Evidence tier system: Interpretations → Candidates → Events

This hierarchy protects against the most dangerous failure mode in AI-assisted security: a confident-sounding narrative that lacks evidentiary support. Every interpretive claim must trace back through candidates to events. If it can't, the interpretation is speculation, regardless of how convincing it sounds.

Token efficiency is reasoning quality

Token efficiency equals reasoning quality

There's an economic argument for distillation that's also a quality argument. They're the same argument.

Every token an agent spends on raw log data is a token it can't spend on reasoning. Context windows are finite. When an agent writes SQL queries against raw event tables, each query consumes tokens. Complex joins and aggregations eat substantial context. When the agent needs to run multiple queries to correlate data, those tokens add up fast. And every token spent on data retrieval is context that's no longer available for analysis.

Pre-computed candidates flip this entirely. The agent makes a single API call and gets back a compact JSON response: seven candidates, each with a score, a time window, connection statistics, and correlation data. Minimal tokens consumed. Maximum context available for the work that actually requires intelligence — interpreting the findings, checking against known attack patterns, reasoning about what to investigate next.

This isn't just an efficiency win. An agent with 80% of its context consumed by raw log data will produce worse analysis than an agent with 5% of its context consumed by pre-scored candidates and 75% available for reasoning. The difference shows up as the gap between an agent that hallucinates patterns in noise and an agent that evaluates real signals with full analytical depth.

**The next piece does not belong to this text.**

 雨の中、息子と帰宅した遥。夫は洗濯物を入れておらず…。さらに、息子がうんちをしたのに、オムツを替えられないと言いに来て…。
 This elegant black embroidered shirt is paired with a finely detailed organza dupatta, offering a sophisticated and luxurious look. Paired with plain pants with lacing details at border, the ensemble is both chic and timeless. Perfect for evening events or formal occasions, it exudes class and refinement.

The boundary that doesn't move

Context windows will get larger. Models will get smarter. The temptation will be to revisit this principle — maybe now we can just feed the agent raw logs and let it figure things out?

No. The boundary between deterministic preprocessing and agent reasoning is a design principle, not a workaround for current limitations.

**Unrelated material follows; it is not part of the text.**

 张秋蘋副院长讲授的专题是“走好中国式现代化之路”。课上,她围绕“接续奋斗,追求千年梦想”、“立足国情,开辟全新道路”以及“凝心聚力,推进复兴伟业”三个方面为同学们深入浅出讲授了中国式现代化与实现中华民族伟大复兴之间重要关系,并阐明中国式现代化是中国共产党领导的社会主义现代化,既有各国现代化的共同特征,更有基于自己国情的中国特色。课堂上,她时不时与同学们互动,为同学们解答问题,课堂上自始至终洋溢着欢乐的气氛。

Even with a million-token context window, you still don't want an agent computing jitter statistics. That's a math problem with a correct answer, and deterministic code will always solve it faster and more reliably than a language model.

Even with perfect reasoning capability, you still don't want an agent constructing narratives from uncorrelated events. The failure mode isn't insufficient intelligence. It's insufficient evidence structure. A smarter agent builds more convincing hallucinations, not fewer, when the underlying data doesn't constrain what stories are possible.

The preprocessing layer isn't compensating for weak AI. It's doing work that belongs in deterministic code regardless of how capable the AI becomes. Computing statistics. Normalizing schemas. Correlating events across sources. Scoring patterns. Maintaining evidence trails. This is infrastructure — the kind that's reliable and reproducible and auditable — and it's what makes agent reasoning trustworthy rather than performative.

Think of it this way: an agent isn't an algorithm. It's closer to a coworker. You wouldn't hand a security analyst a table with 500,000 connection entries and say "compute the coefficient of variation on the inter-arrival times." That's not what analysts do. You'd ask for their read on a situation, their interpretation of ambiguous evidence, their judgment about what a pattern means in context. Agents work the same way. Don't ask them to calculate. Ask them to reason, interpret, and build narrative around evidence that's already been structured. Use the right tool for the right job.

Raw data is AI's enemy not because AI is weak, but because raw data is the wrong input for the job AI actually does well.